Xarray: Masking and preserving int type

Created on 8 Apr 2020 · 3Comments · Source: pydata/xarray

When DataArray is masked by .where(), the type is converted to float64.

But, if we need to use the DataArray ouput from .where() in .isel(), the dtype should be int.
(#3949 )

MCVE Code Sample

import numpy as np
import xarray as xr

val_arr = xr.DataArray(np.arange(27).reshape(3, 3, 3),
                       dims=['z', 'y', 'x'])

z_indices = xr.DataArray(np.array([[1, 0, 2],
                                  [0, 0, 1],
                                  [-2222, 0, 1]]),
                         dims=['y', 'x'])

fill_value = -2222
sub = z_indices.where(z_indices != fill_value)
indexed_array = val_arr.isel(z=sub)

Expected Output

array([[ 1,  0,  2],
       [ 0,  0,  1],
       [nan,  0,  1]])

Problem Description

  File "E:\miniconda3\envs\satpy\lib\site-packages\xarray\core\indexing.py", line 446, in __init__
    f"invalid indexer array, does not have integer dtype: {k!r}"
TypeError: invalid indexer array, does not have integer dtype: array([[ 1.,  0.,  2.],
       [ 0.,  0.,  1.],
       [nan,  0.,  1.]])

Currently, pandas supports NaN values. Is this possible for xarray? or another method around?

Source

zxdawn

All 3 comments

There has been a lot of discussion about the int vs nan problem in the past, here one issue #1194. My question for xarray-devs would be too, if there is some idea on adapting to the pandas scheme?

In the time being, you might just go the other way round (isel before where) and this little hack:

# overwrite fill_values with 0
sub = xr.where(z_indices == fill_value, 0, z_indices)
# isel with sub and mask with where
indexed_array = val_arr.isel(z=sub).where(z_indices != fill_value)

Update: Nevermind, this will make the indexed_array a float. You might use the same where-machinery and overwrite with a fill_value of your liking:

# overwrite fill_values with 0
sub = xr.where(z_indices == fill_value, 0, z_indices)
# isel with sub and mask with where
indexed_array = val_arr.isel(z=sub)
indexed_array = xr.where(z_indices == fill_value, fill_value, indexed_array)

I can't immediately see, but there might be a cleaner way to achieve this.

kmuehlbauer on 8 Apr 2020

👍1

@kmuehlbauer Thanks, Nice trick!

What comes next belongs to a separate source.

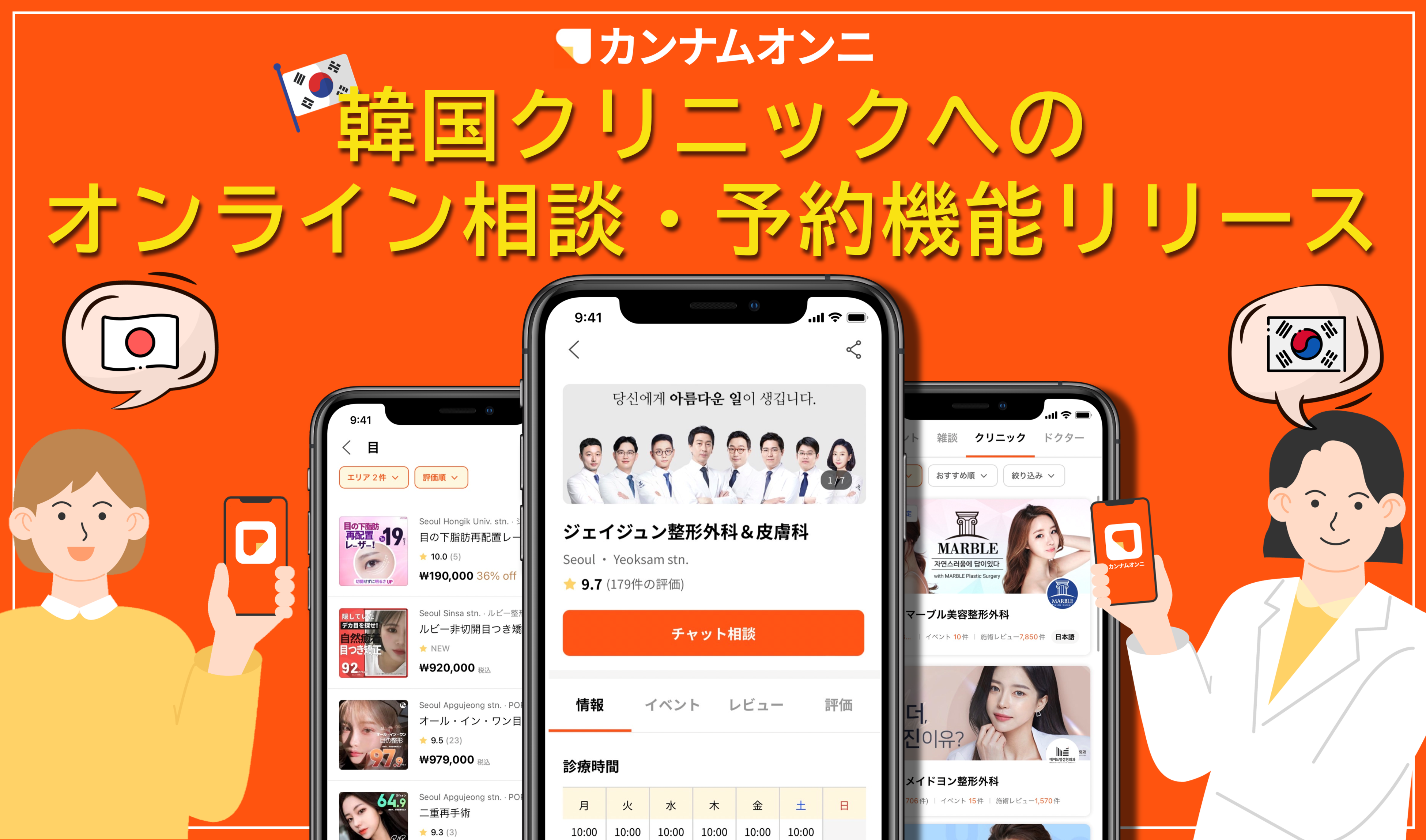 カンナムオンニは、日本人ユーザーがアプリを通じて韓国のクリニックへ美容医療・整形に関する相談や予約が出来る「渡韓クロスボーダー機能」を本リリースします。近年、新型コロナウイルス感染症の影響で渡韓の難易度が高くなっていましたが、直近の渡航緩和により、日本人ユーザーの韓国クリニックへの関心が過去以上に高まりを見せています。

It works well for this situation.

zxdawn on 8 Apr 2020

👍1

I would love to have support for integer NA values in xarray, but I don't think we want to build it into xarray.

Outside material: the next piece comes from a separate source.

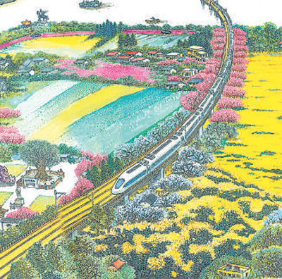 长卷描绘的重点是周口中心城区,包含几十处重要景点、10座大桥,人物、车辆、船只、房屋数以千计。着色前,我曾反复揣摩,在追求色彩统一的同时,又希望富于变化,更重要的是体现新时代气象,于是决定把长卷分为春、夏、秋、冬四个章节,尽显周口四季风情。

Ideally this would either be built into NumPy (i.e., with a custom dtype, which will require some work before its possible) or someone could build an "integer with NA" duckarray, which could implement the various NumPy protocols such as __array_function__. The later is a bit less elegant but could be done today with very few changes in xarray.